Thanksgiving, in theory, is a selfless holiday. We’re supposed to look at the people around us and think of how privileged we are to be with them. The best manifestation of this gratefulness should probably be verbal. Rather, our declarations of thankfulness have hit Instagram and other social media sites. As I scrolled through my feed this week, I was overwhelmed by the number of photos of family and friends, all captioned “thankful for [fill in gender pronoun].” Sometimes an emoji was tacked onto the end. While these public expressions of love and thankfulness are genuine, they can’t replace the old school phone calls, letters, and in-person conversations. As we move our thanks away from the dinner table and toward our phones, we lose a bit of what makes Thanksgiving so special, and I’m just as guilty as everyone else.

As far as Thanksgivings go, this was probably one of my most selfish to date. At Thanksgiving dinner, I bickered with my sister about the specifics of table manners and kicked my brother in the shins when he took the last piece of cornbread. This Thanksgiving dinner lacked the glow that always makes it so special. Disappointed, I skipped dessert, climbed up the stairs to my room, and took a nap.
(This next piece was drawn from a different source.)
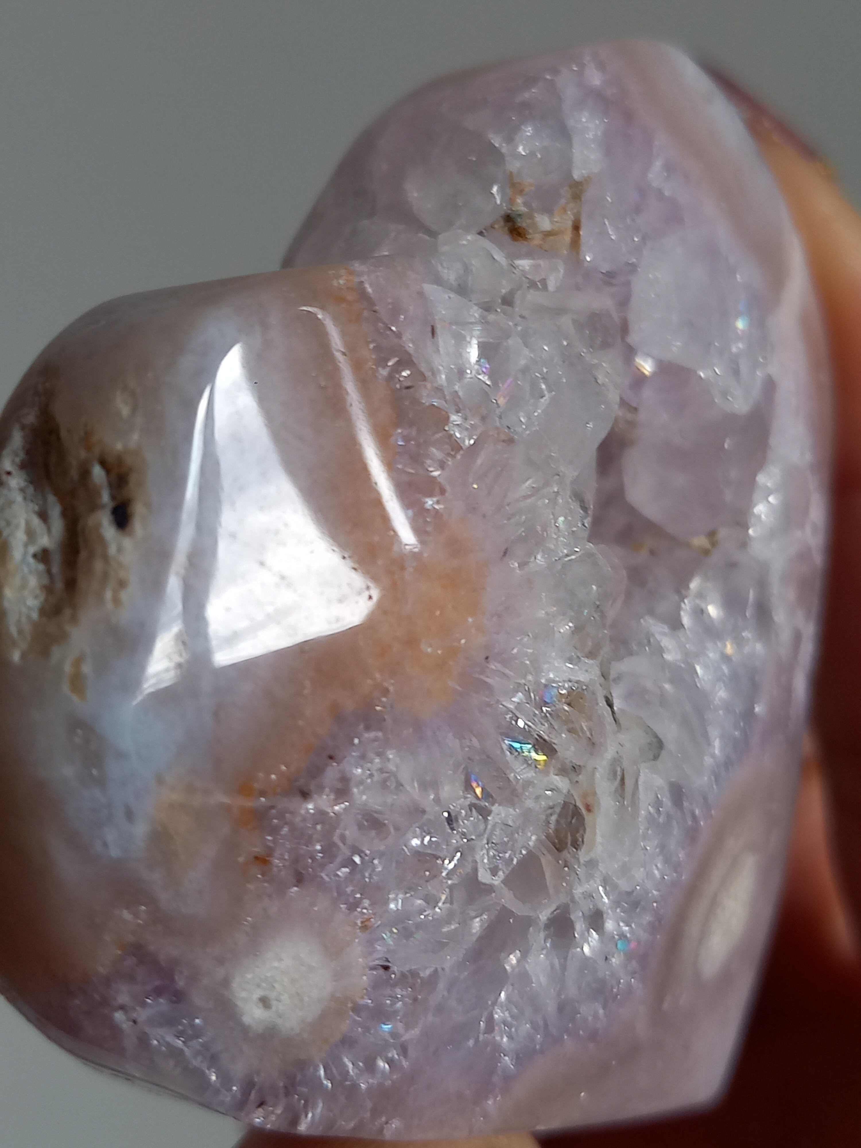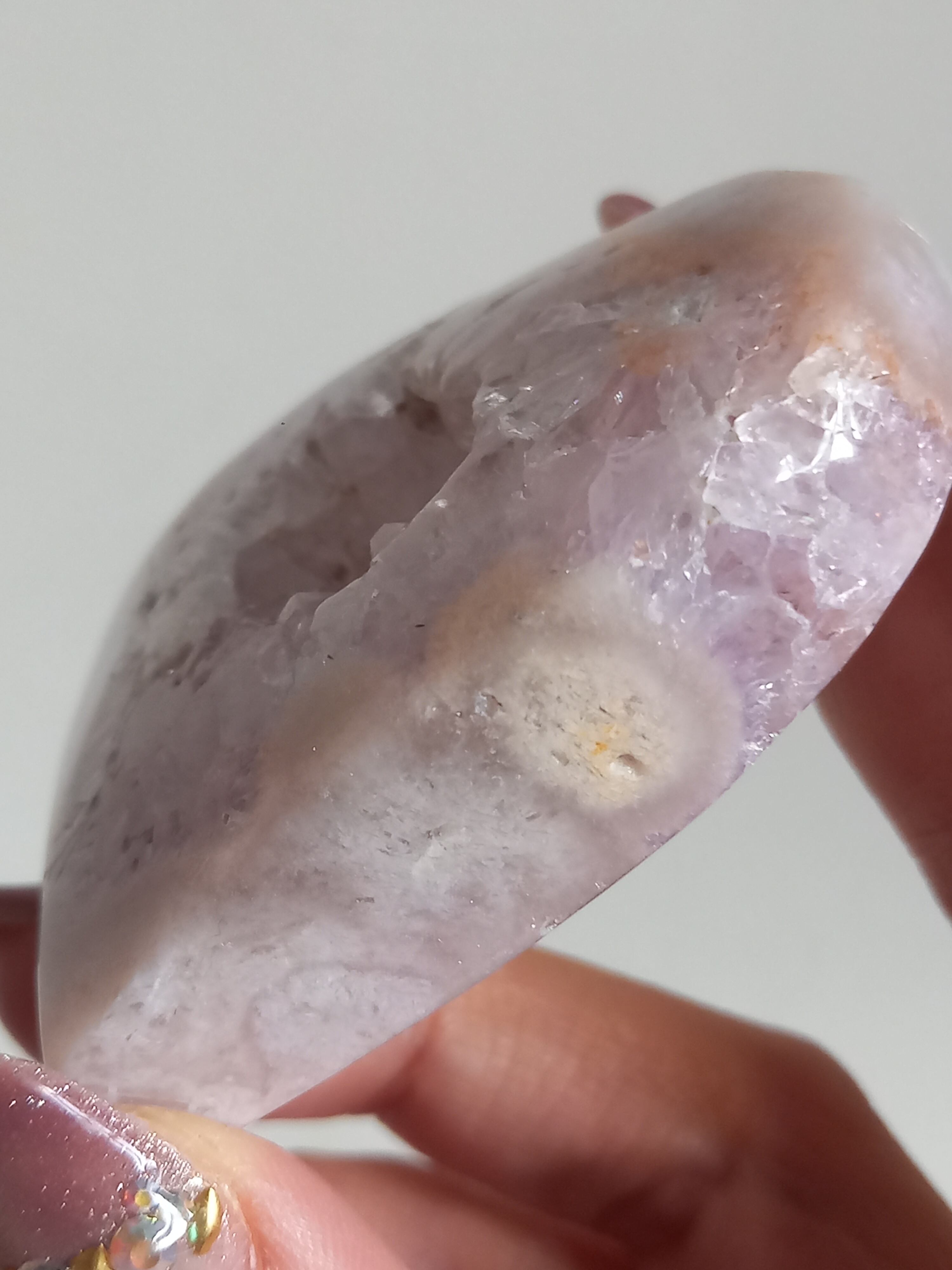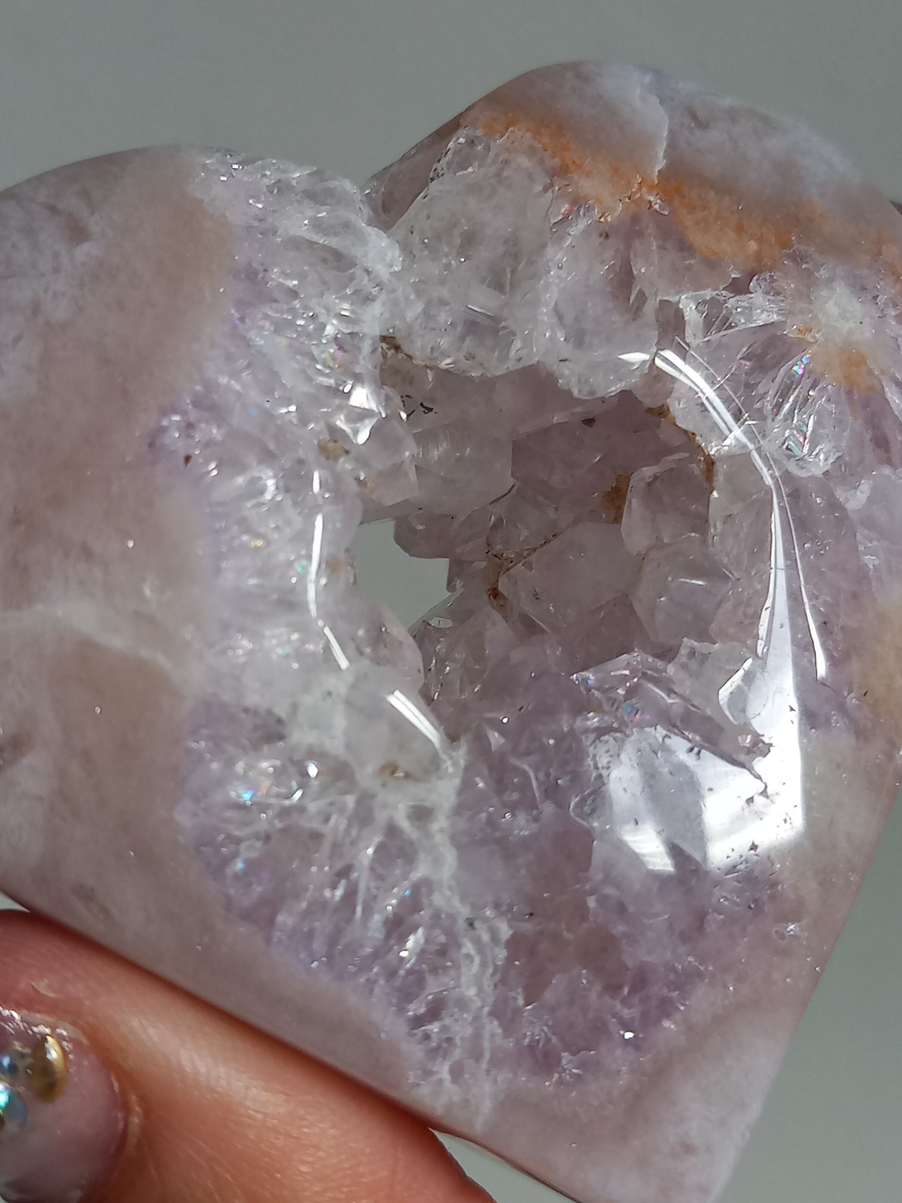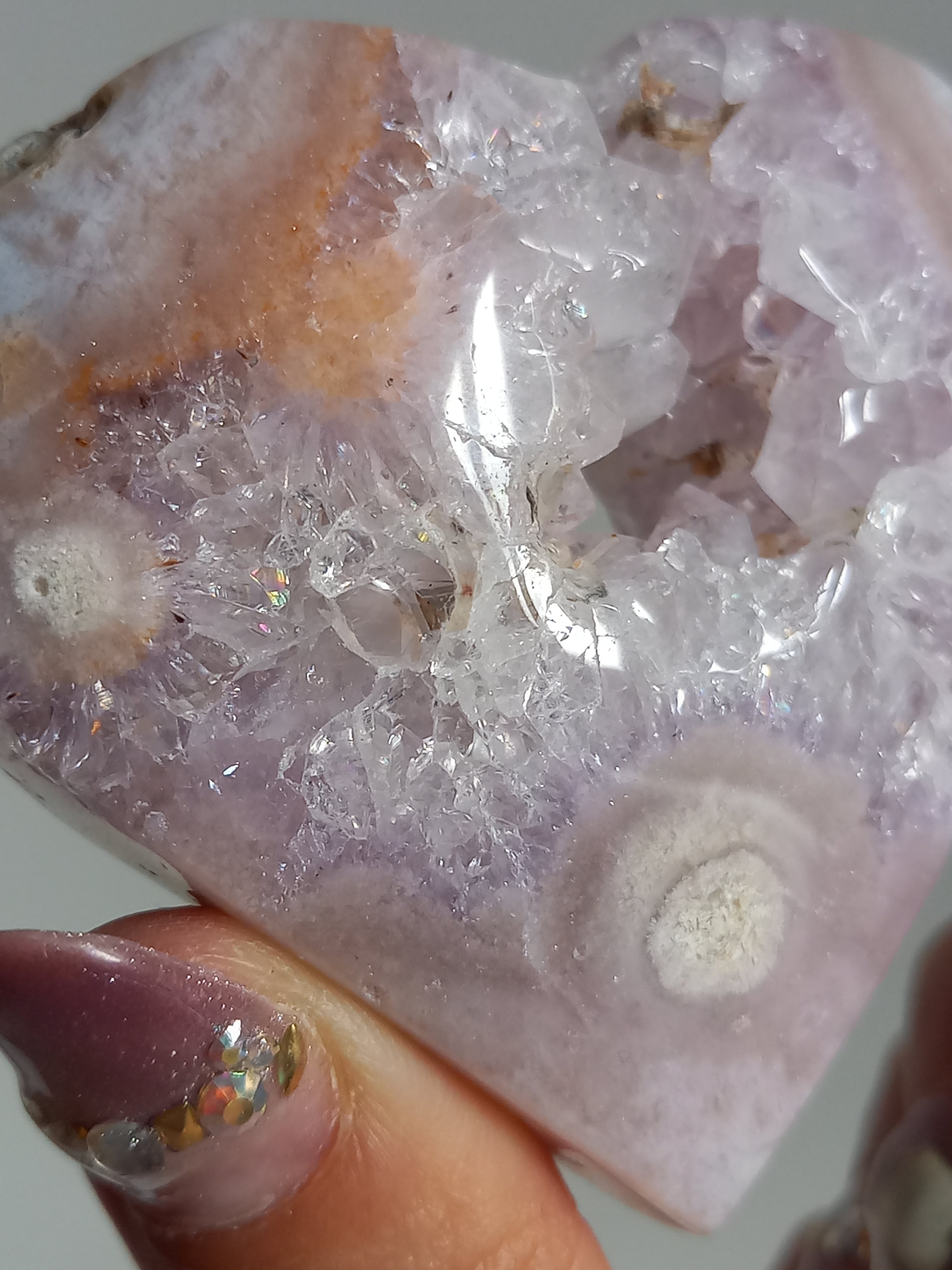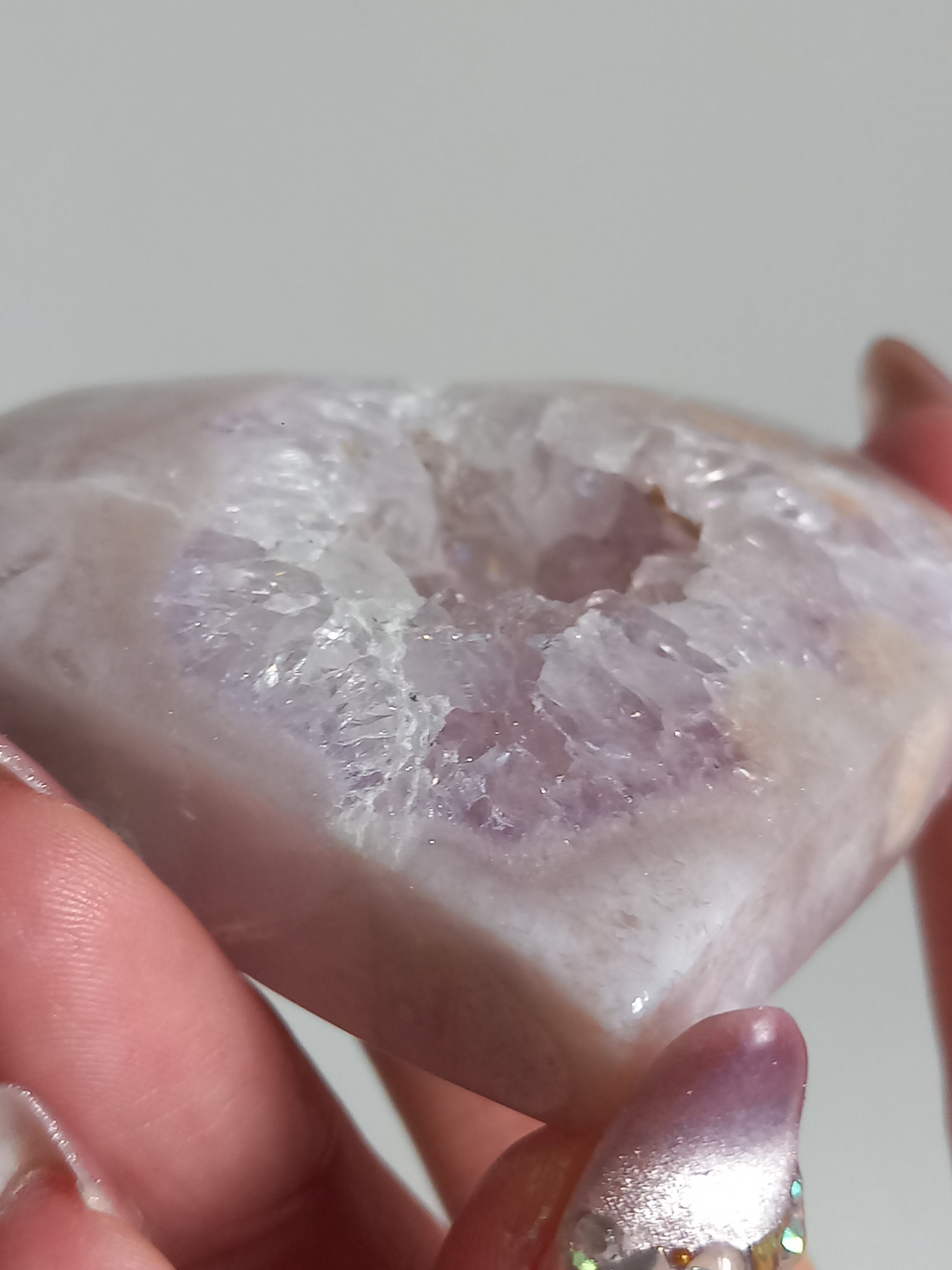 アメジストに、フラワーアゲートが共生したハートパームになります。

I woke up an hour later with a migraine. I couldn’t open my eyes; a hazy, gray smoke had thickened the air. Sirens screamed in the street. I heard glass shatter. Strobe lights made my pupils dilate. Darkness alternated with an eerie red glow. Still woozy with sleep, I confusedly ran down the stairs, screaming for my dad.

I found my siblings and parents staring out the parlor window, looking at the firemen breaking down the neighbor’s door. My dad put his arm around me as I cried in relief. Smoke creeped up our window, snaking its way in. My sister coughed and covered her mouth with a damp sleeve. Two firemen came out of the house holding puppies in their arms. The firemen needed our roof access, so we opened our doors. They left black streaks on our walls. One ripped a hole in the window screen of my bedroom with his axe. I’d already broken that screen a few nights before when a friend and I clumsily pushed it out of the way to stargaze on the roof. I remember feeling thankful, then guilty for feeling thankful, that insurance would now cover those repairs.

I counted my blessings. Homes can be rebuilt. The puppies were saved. No one was hurt. Thanksgiving, the noun, is obsolete. It’s been destroyed by Black Friday, Cyber Monday, food comas, and political dinner talk. Consider Thanksgiving as a gerund. The act of thanksgiving. It brings back the meaning and purpose of the holiday.